Le point de non-retour

3 mins

Image de couverture : joseph_Berardi (disponible sur le site pixabay)

 

Elle s’approche du vide, observe la mer par-dessus la rambarde. Cette mer qui fut déjà à maintes reprises le lieu idéal de ses prédécesseurs pour jouer à l’ange déchu, non pas dans l’objectif de creuser les prochains cercles de l’enfer, mais plutôt en vue de rejoindre le royaume des oubliés, en plus des prochaines statistiques. L’abime se reflète dans son regard insipide où la dernière flamme vient d’être balayée par la bise. La bise de la camarde, dont la coupe ne sera probablement jamais pleine. Celle-là même, avide du reste de la vitalité des souffrants. Sa peau, n’ayant sûrement plus aperçu le soleil depuis des lustres, est aussi blanche que le marbre de Carrare. Ses yeux, eux, sont rougi par les flots incessants de larmes qu’elle a dû essuyer à de nombreuses reprises.

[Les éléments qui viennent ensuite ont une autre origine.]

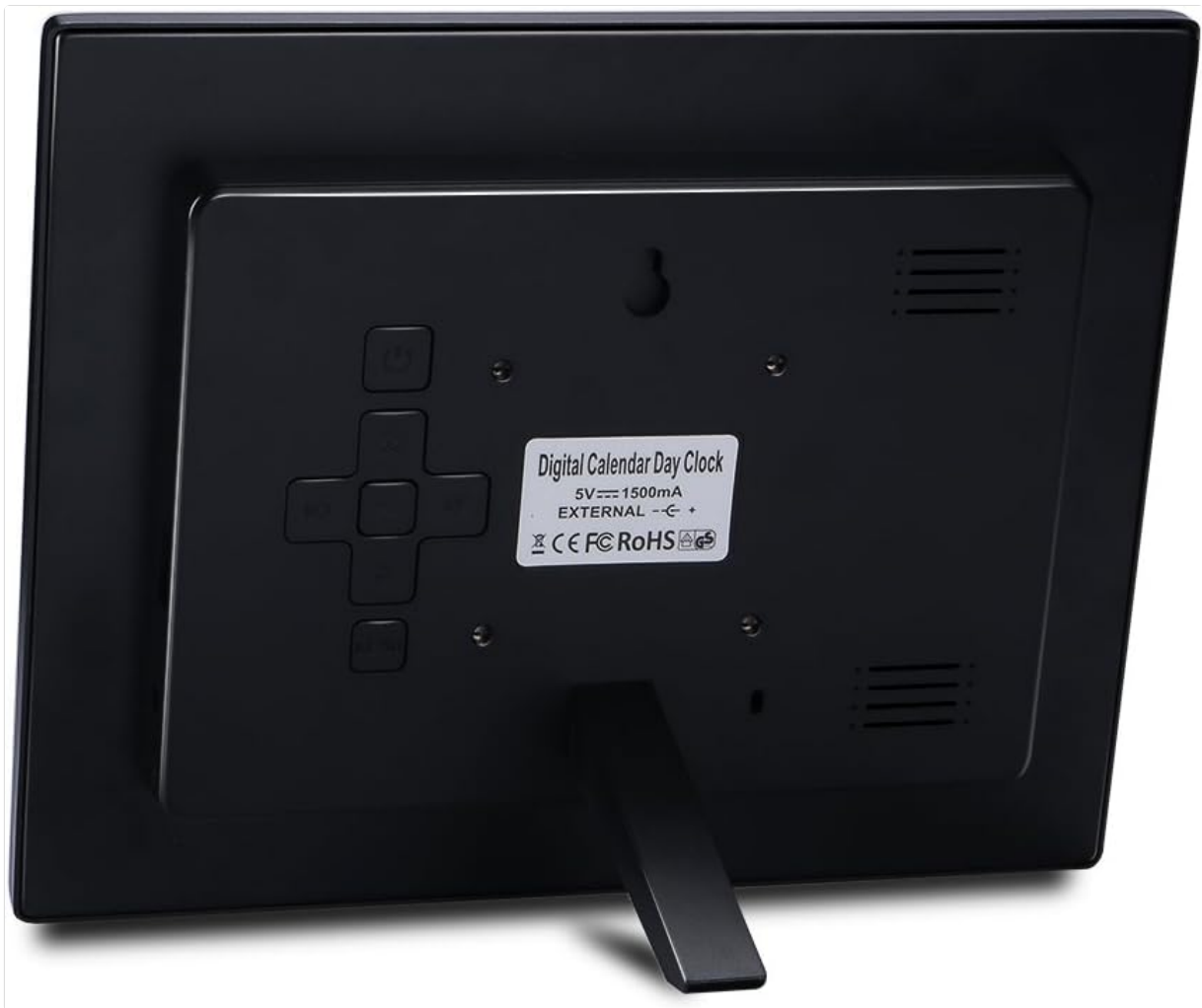
Image: Rear view of the clock, illustrating the power input and control buttons for setup.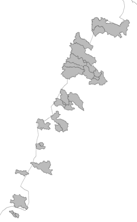
Figure 2. Areas of interest are situated close to the Swedish-Norwegian border in the northern Scandinavia. The major areas are 15, however some areas are divided in sub basins for the HBV-model.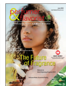
Final Cover Image - Enlarged and cropped to fit vertical format.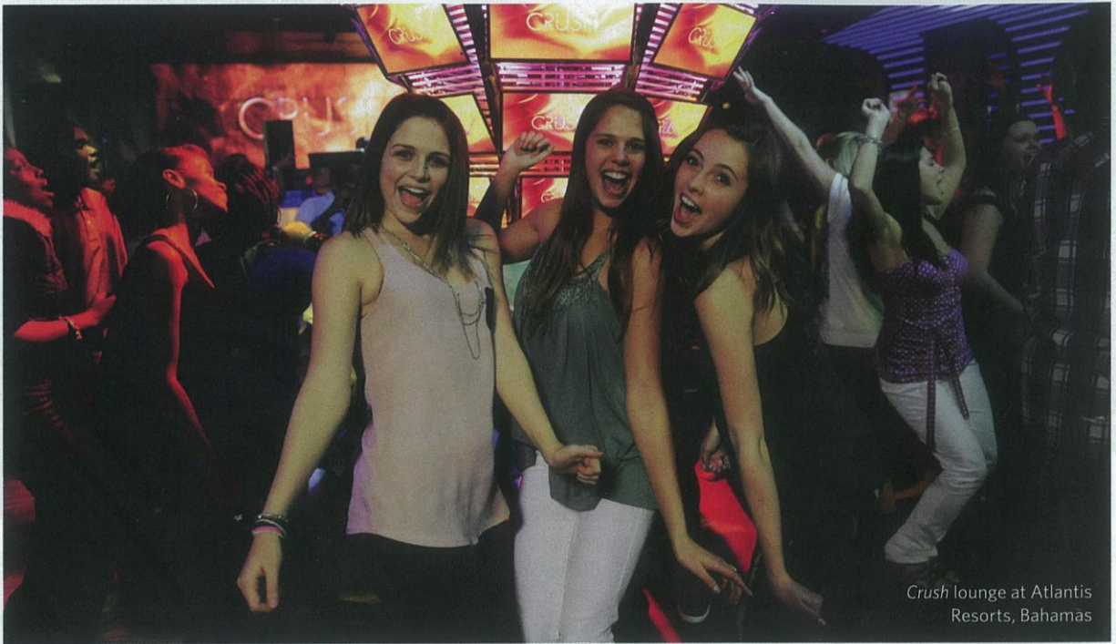
Crush lounge at Atlantis Resorts, Bahamas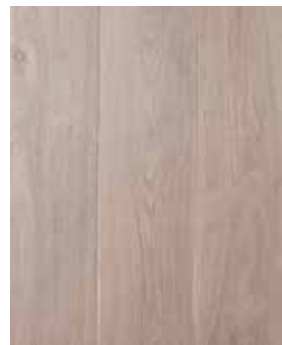
Mink Grey Oak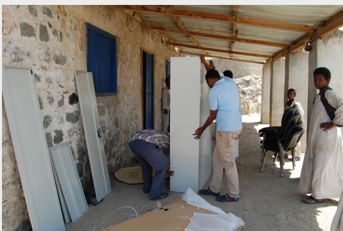
Installation of furniture at the Health Center in Tomsai village.

After the meetings, PQHS staff equipped these eight health centers with basic furniture to store the drugs and invited the local health assistants to participate in a training on drugs interaction, prescription and posology which was held at Sinkat hospital at the beginning of April.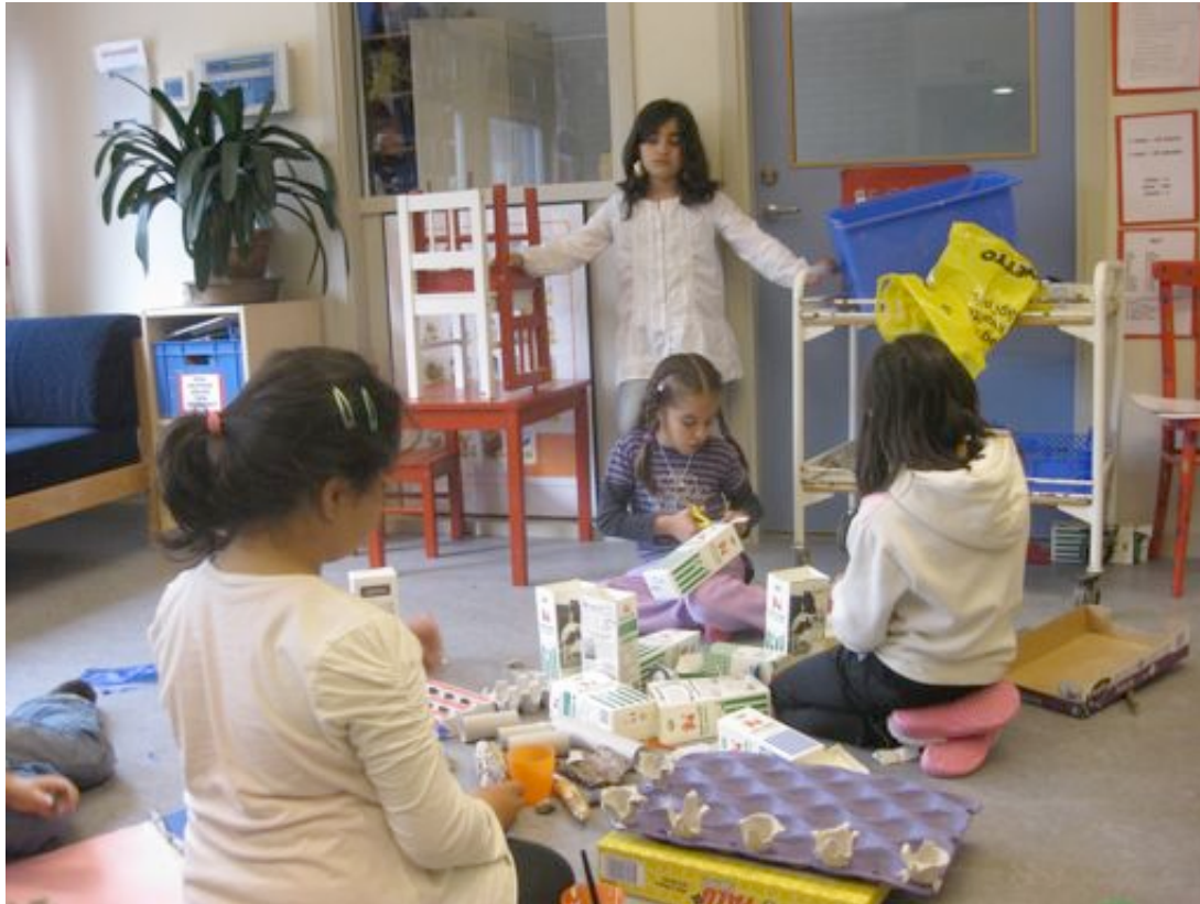
Figure 3. Construction of board games was an attractive way of working for children in the ages of 10-12.

One reason was mentioned above: if the tool had been electronic for the elderly it would perhaps have captured their attention better and freed their creativity more. Now they did not really succeed in using the game as a tool for urban planning. The other reason has to do with external causes in combination with the skills of the teachers – thus their personal capability of transforming problems into triggers for learning. The external cause was a phone call from the public housing company the day before the workshops were going to start: they told that the event park in Hammarkullen was not going to be built, because they were just told that a new European Union adapted law, three months old, forbid all Swedish public housing company to make investments that are not businesslike. Thus, they could only motivate refurbishing the park, if it really would show that it could increase the rents. And rising rents in housing areas like Hammarkullen, where many of the poor people in Sweden live, was not in question at all. Moreover, the current land was actually not even owned by the housing company, but by the park and nature administration of the city.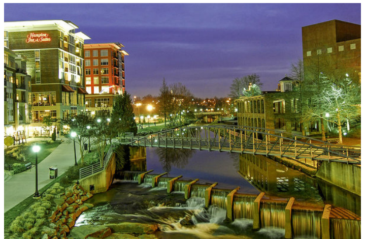
Downtown Greenville, SC

For more information, contact tim.hanks@furman.edu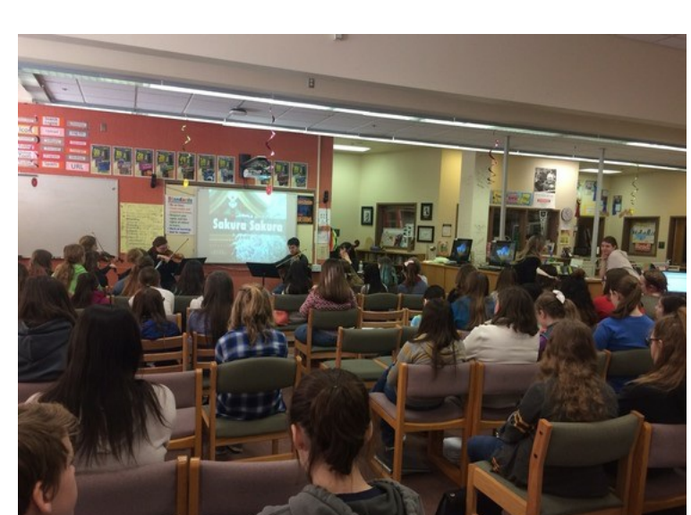
University of Alaska Anchorage String Ensemble performing Japanese music at Colony Middle School

In 2017, the Consular Office of Japan in Anchorage undertook multiple efforts to further strengthen Japan-Alaska relations. This year's highlights include: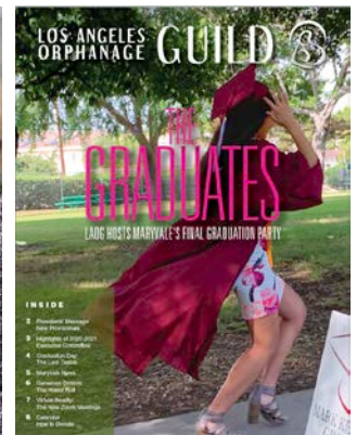
on the cover: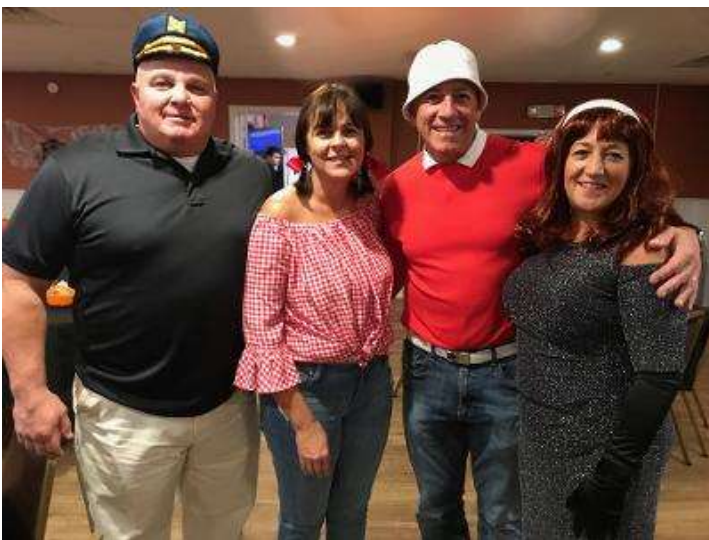
THE SKIPPER, MARY ANN, GILLIGAN & GINGER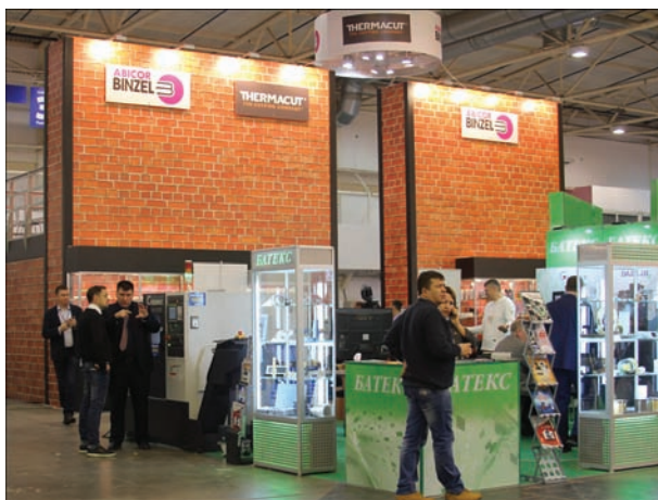
At Binzel Ukraine booth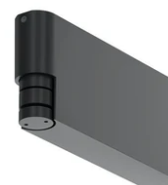
Surface feed box for ceiling installation. 24V. Driver included CASAMBI / 57W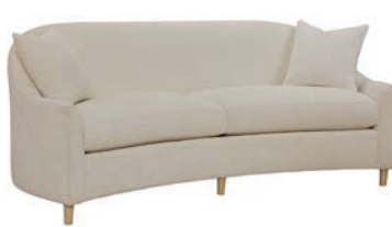
H711S Raddi Sofa W86 D42 H37 PAGE: 2-3, 4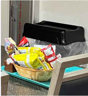
Bowl of snacks in the setting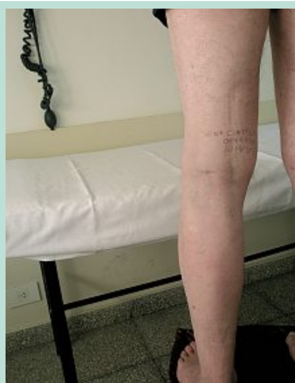
FIGURE 12 : Postoperative of 10 months.

Facing reflux as consequence of insufficiency of inferior ischial or gluteal veins a selective embolization according to the magnitude can be proposed.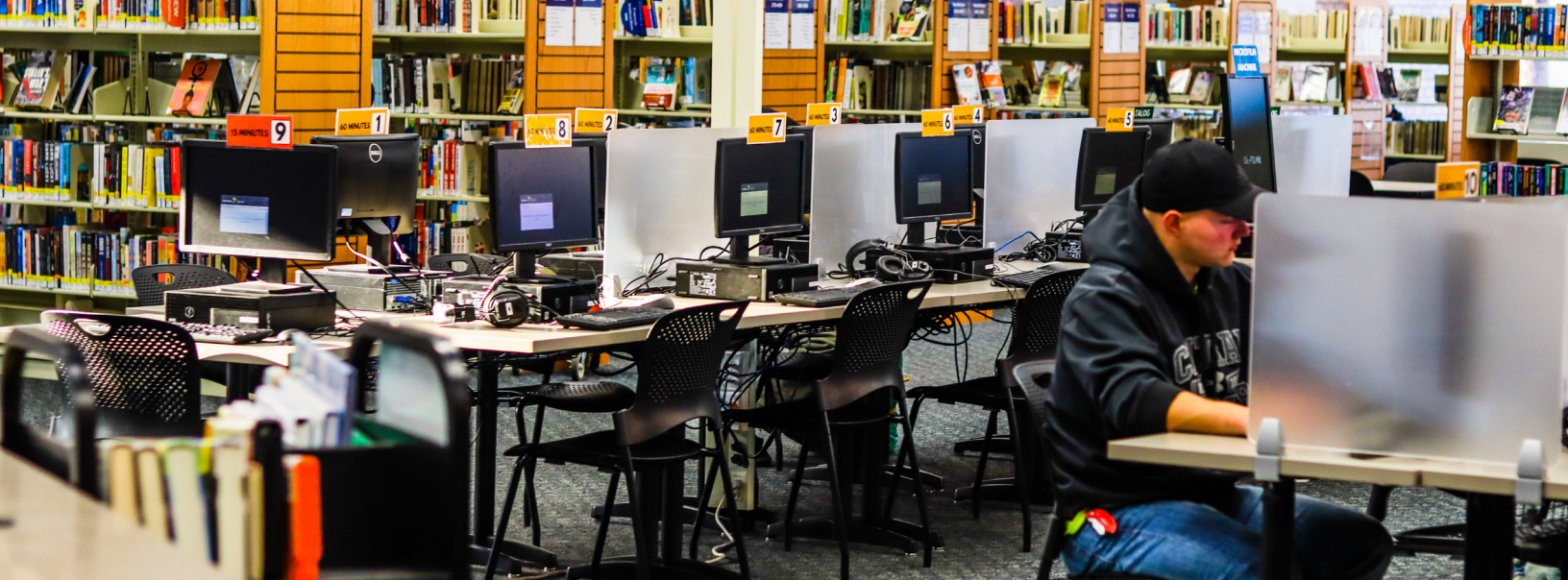
Computers by Library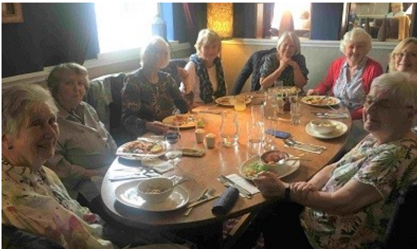
Dinahs Group met in June 2023.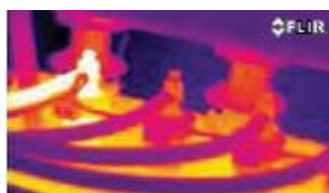
FLIR thermal image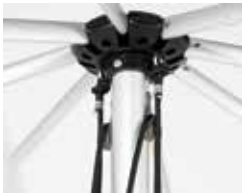
COMMERCIAL DOUBLE PULLEY SYSTEM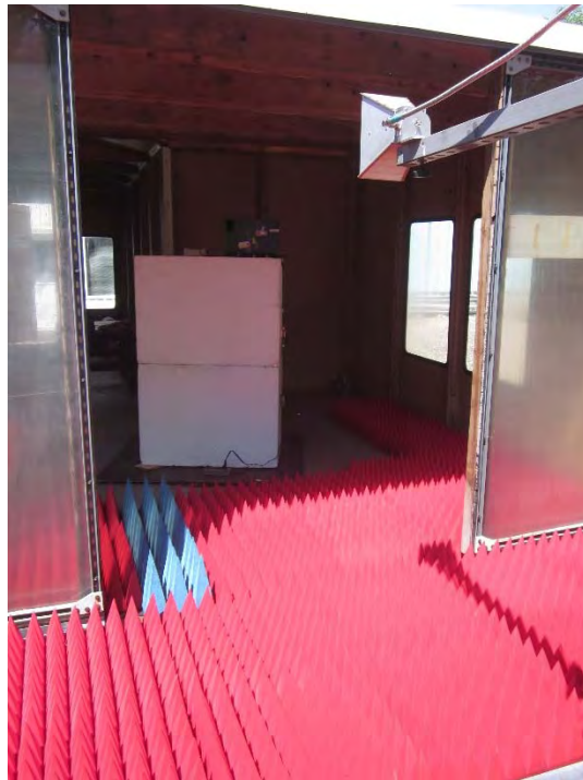
Horizontal Antenna Polarization, 1 GHz to 18 GHz

Hésitante depuis plusieurs longues minutes, elle s’effondra sur ses pauvres genoux et supplia le père de lui faire savoir de quel mal était-elle l’origine pour être condamnée à l’errance éternelle dans le royaume du chagrin. Pourquoi ? Se dit-elle. Quel type de pénitence devait elle accomplir afin d’atteindre un tant soit peu le bonheur ? Notre bonne figure paternelle sadique lui fit comprendre qu’il était futile de s’obstiner à chercher le bonheur. En fin de compte, elle était, malgré son innocence, marquée du sceau de la perpétuelle mélancolie.

Mais bientôt, la douleur rongeant son esprit et qui ne lui permet plus d’être maître de son corps aura complètement disparu, au prix bien sûr, de sa propre vie. Bien que le coût de l’entreprise soit trop élevé, elle préfère couper les derniers liens qu’elle entretient encore avec son existence, au lieu de mener une vie similaire à une Mater Doloresa en accumulant les peines et les échecs qui lui transpercent le cœur. Il est malheureux qu’une aussi jeune fleur d’à peine vingt ans, doive déjà perdre ses pétales. Si seulement on ne lui avait pas fait aussi souvent de l’ombre, elle aurait sans doute pu éclore en une rose magnifique. Bien qu’elle ait pu pousser jusqu’à sa vingtaine, privée de lumière et de chaleur humaine, elle ne pourra en aucun cas se développer convenablement. L’avantage de cette situation, si l’on est forcé d’en nommer un, c’est qu’elle restera éternellement une fleur bleue, préservée de la brutalité d’une quelconque abeille qui voudrait lui récolter son précieux pollen de force. Il est évident que si un tel malheur lui était tombé au visage, elle se serait déjà probablement emparée du sécateur !

DONG ! DONG ! Son esprit, sous l’emprise de l’incommensurable chagrin, vient de sonner le glas. Plus aucun retour en arrière n’est possible, elle a perdu le contrôle de son âme.

Il est à présent l’heure de gravir la rambarde sous l’œil fuyant des passants, qui font mine de ne rien voir. Ils ne s’arrêteront pas. Après tout, ce spectacle n’est pas assez divertissant pour leurs petites mirettes.

DONG ! DONG ! Voici les derniers sont de cloches, la triste demoiselle se tient debout sur la rambarde, les bras en croix, les yeux fermés. Le vent souffle… Elle tombe… se laissant emporter par la brise…

Cette fois,

                  les anges

                                  ne la retiendront pas,

                                                                       bien qu’ils ne l’aient jamais

                                                                                                                   fait auparav… POUF !

La malheureuse vient de s’écraser sur la frontière des deux mondes. Hélas, la chute ne l’a pas achevé sur le coup. S’ensuit alors une agonie plus terrible que la mort, avant de sombrer au fond de la mer jusqu’à atterrir entre les mains de la camarde qui se réjouissait d’avance du sort de la jeune fille. C’est alors que la dernière once de vie parcourant son corps s’échappa, laissant derrière elle une âme dont le visage ne possédait encore aucune ride. Espérons qu’elle puisse se frayer un chemin vers l’apaisement et que Dante ait eu tort à propos du sort des suicidés en enfer.

 

Note post-mortem :

Merci d’avoir lu ! N’hésitez pas à me faire savoir ce que vous en pensez. Que ce soit en bien ou en mal (du temps que c’est constructif bien sûr). J’ai eu l’idée d’écrire ce petit texte en écoutant la chanson “절망의 새벽 (Dawn of despair)” du groupe Sad Legend qui (allez savoir pourquoi) me fait penser à chaque fois que je l’écoute, à une jeune femme qui s’écrase sur de la glace en se jetant d’un pont. La couverture de l’album y est aussi sûrement pour quelque chose.